Maserati is deeply-rooted in its 105-year history, and it’s justifiably proud of its past, so I was surprised to hear Joe Grace, its head of product, use the word “terabytes” during a presentation at its headquarters. The Italian firm is preparing to write the next chapter in its story, and that plot is so focused on technology that it may as well be written in code.
Grace and his team face the delicate task of balancing Maserati’s heritage — which includes race cars like the emblematic Tipo 61, better known as the Birdcage, and luxury sedans like six generations of the Quattroporte — with the trends influencing the automotive industry as the 2020s loom. These trends are well-known: Customers have an insatiable appetite for connectivity, while governments are asking for cleaner — and, preferably, electric — cars.

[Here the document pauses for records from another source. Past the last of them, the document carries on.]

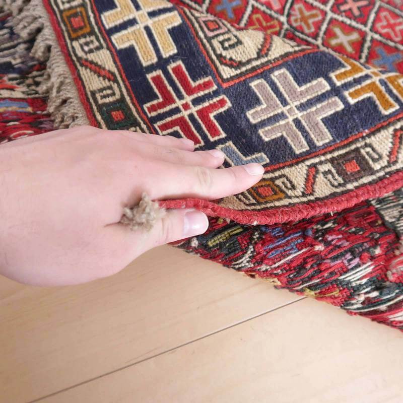 スマック織りとは、イランのキリムの織り方の技法です。生地は刺繍のような仕上がりですが、これは後から刺したものではなく、土台の縦糸と横糸の上にもう一本横糸を絡めるように巻き込んで織っていく高度なテクニックで、生地を二重に織るため通常の平織りのキリムより倍の手間ひまが掛かる分高価になりますが、非常に堅固で丈夫、また普通より細かなデザインを描けるという長所がありますので、価格以上の価値を感じて頂けるキリムです。
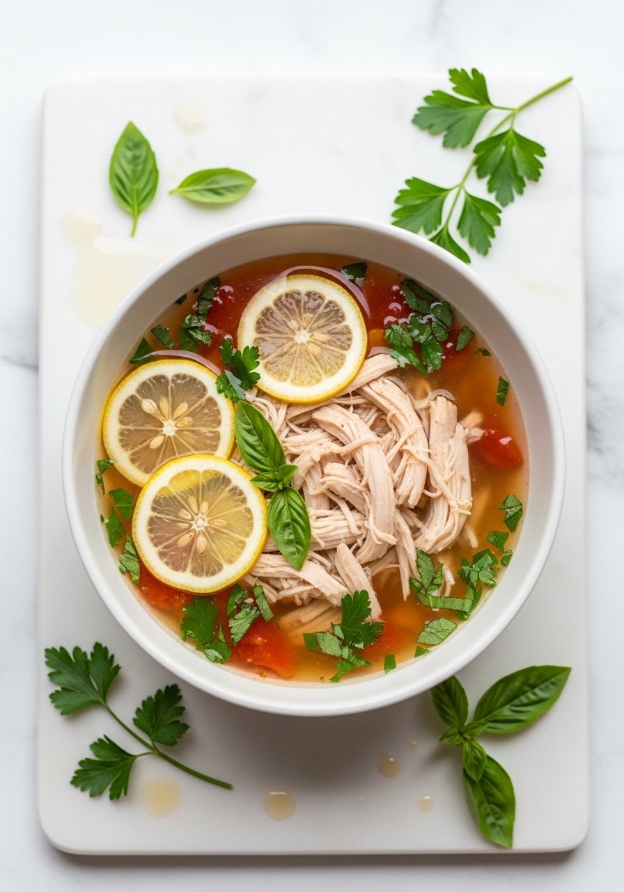 Lemon and fresh herbs lighten the traditional profile, giving the soup a bright finish that balances tomato richness. Shredded chicken keeps it lean and family-friendly.
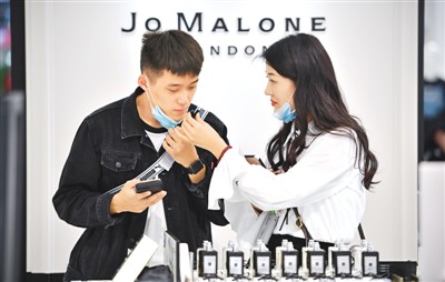 自2020年7月1日免税新政实施至12月31日,海南离岛免税店日均销售额超1.2亿元,同比增长2倍多。图为消费者在海口日月广场免税店选购香水。 |
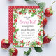 This is a cute strawberry based and budget friendly berry first birthday invitation featuring a sweet frame of strawberries, white flowers and greenery.
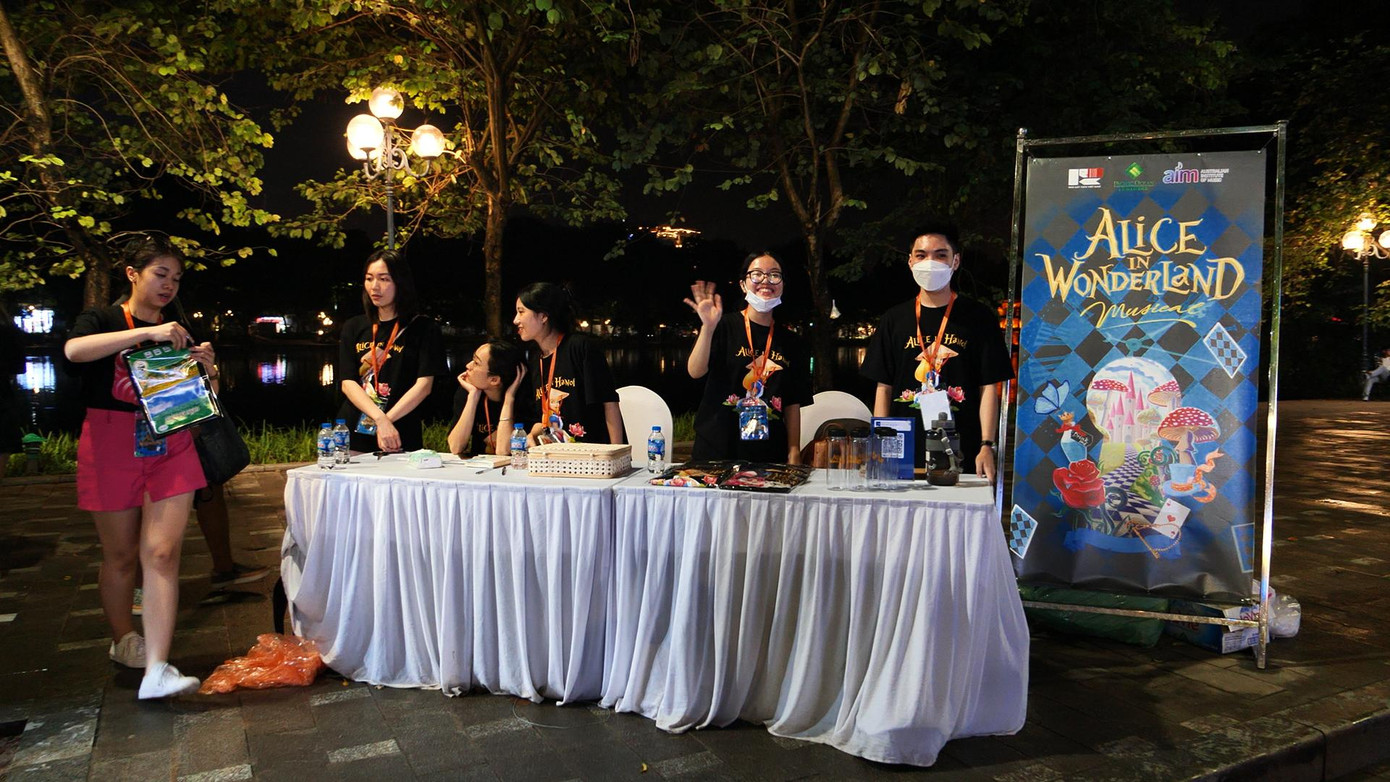Vào tối hôm qua, ngày 24/9, dàn diễn viên của vở nhạc kịch Alice in Wonderland đã có buổi ra mắt công chúng chính thức lần đầu tiên trên phố đi bộ hồ Hoàn Kiếm. Với các tiết mục hấp dẫn, mang lại không khí sôi động, hiện đại và văn minh, các bạn diễn viên trẻ đã hoàn toàn chiếm được cảm tình của khán giả, tạo nên một điểm nhấn mới mẻ, độc đáo trong buổi tối cuối tuần.
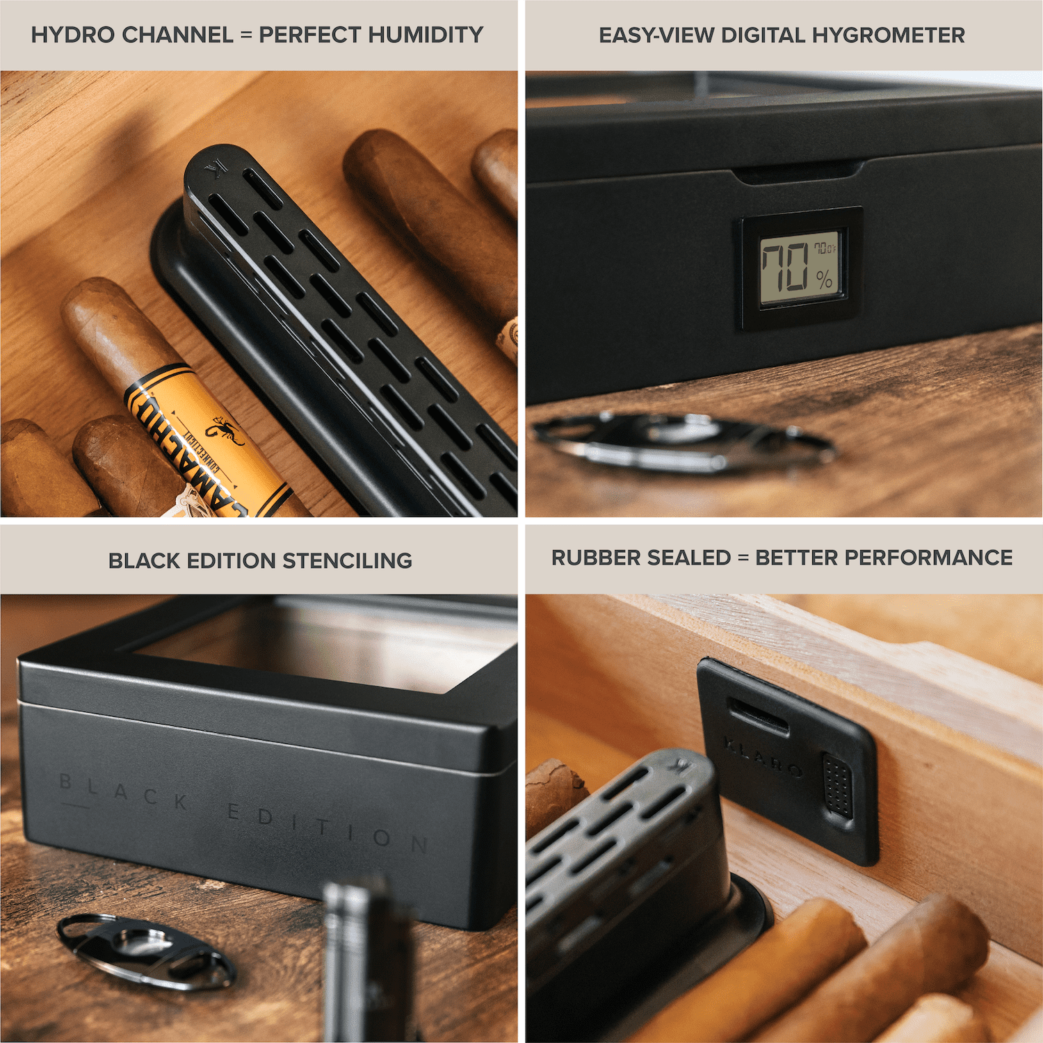 - Incluye Hydro System™ completo (Hydro Tray™ y dos botellas de Klaro Humidor Solution)
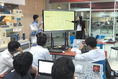 2016年3月,由天津渤海職業(yè)技術(shù)學(xué)院與泰國大城技術(shù)學(xué)院共同建設(shè)的全球首家魯班工坊正式揭牌,標(biāo)志著中國職業(yè)教育走出國門,與其他國家分享優(yōu)質(zhì)職業(yè)教育資源。泰國魯班工坊采用“學(xué)歷教育+職業(yè)培訓(xùn)”方式,匯聚先進(jìn)教學(xué)裝備,集中優(yōu)質(zhì)雙語教學(xué)資源,設(shè)立了自動化生產(chǎn)線教學(xué)區(qū)、仿生機(jī)器人學(xué)習(xí)體驗(yàn)區(qū)等15個教學(xué)實(shí)踐區(qū),讓學(xué)生們能夠更加直觀地在各種機(jī)器上操作演練。
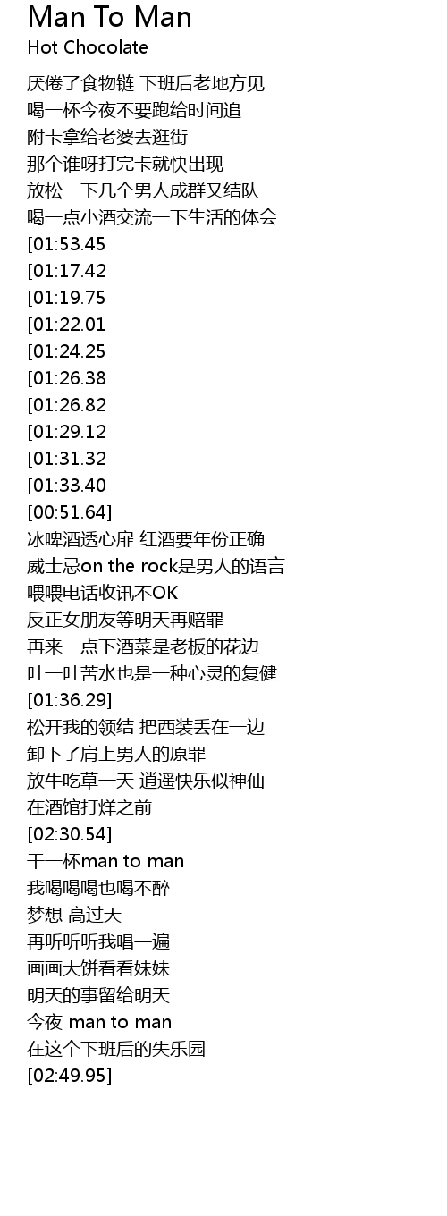 | [02:11.78][01:17.42][00:31.98] | 干一杯man to man |
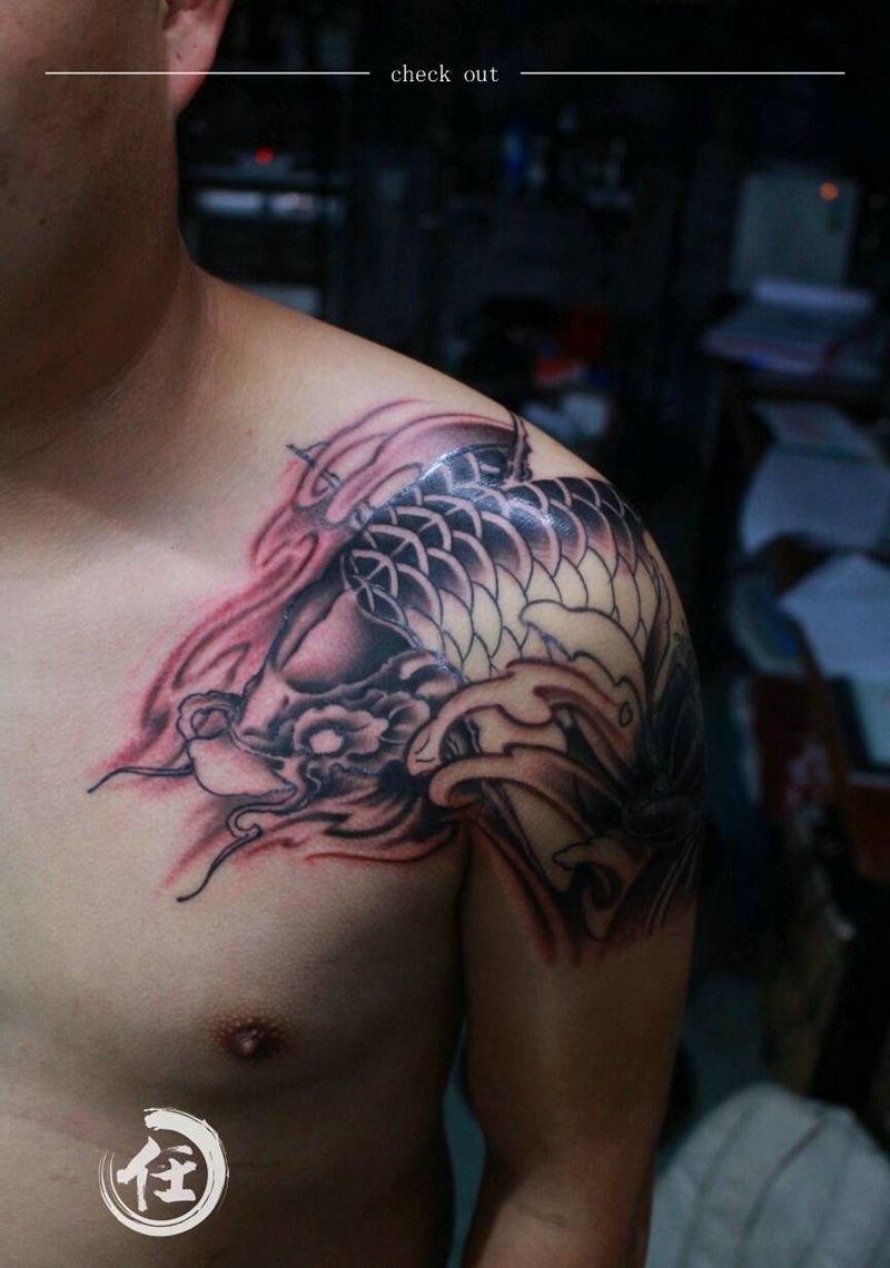 鲤鱼遮盖纹身图片_肩部传统动物原创成品纹身图案

Maserati’s decision-makers have their finger on the tech industry’s pulse. They’re monitoring how customers react to different features, and weighing the pros and cons of migrating away from hardware to software. It’s nearly impossible to design an interior without a screen, but should every single button, knob, and switch be replaced by one? The jury is still out. An over-the-air updating system is mandatory, however, so it’s a feature that future Maserati models will offer.
Grace told Digital Trends his team mines valuable information from the annual Consumer Electronics Show (CES). It’s like a weather vane that indicates which way the wind is blowing in the fast-moving tech industry.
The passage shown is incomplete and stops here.